- **SUPPLIED DATA**:
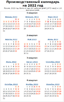 Производственный календарь на 2022 год при пятидневной рабочей неделе
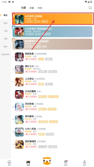 在分类页面中定位到具有仙风道骨风格的游戏选项,点击后即可跳转至该游戏的详细信息页面。
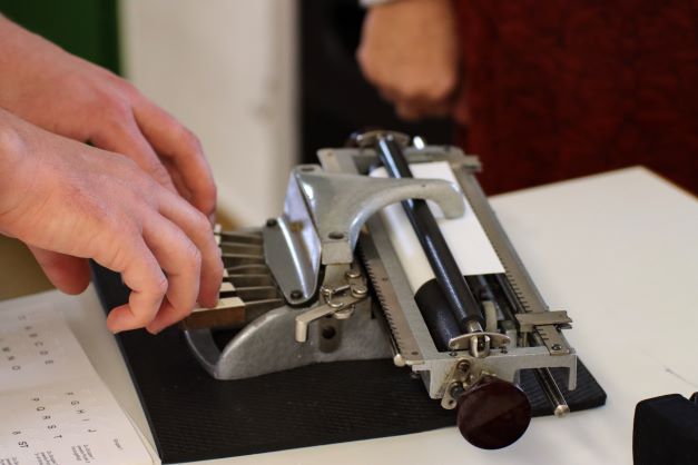 Jede:r ist eingeladen, den eigenen Namen in Brailleschrift zu drucken.

- **EXERCISE AIM**:
With the pictures removed, copy the data above word for word.

- **ANSWER FOR THE TASK**:
 Производственный календарь на 2022 год при пятидневной рабочей неделе
 在分类页面中定位到具有仙风道骨风格的游戏选项,点击后即可跳转至该游戏的详细信息页面。
 Jede:r ist eingeladen, den eigenen Namen in Brailleschrift zu drucken.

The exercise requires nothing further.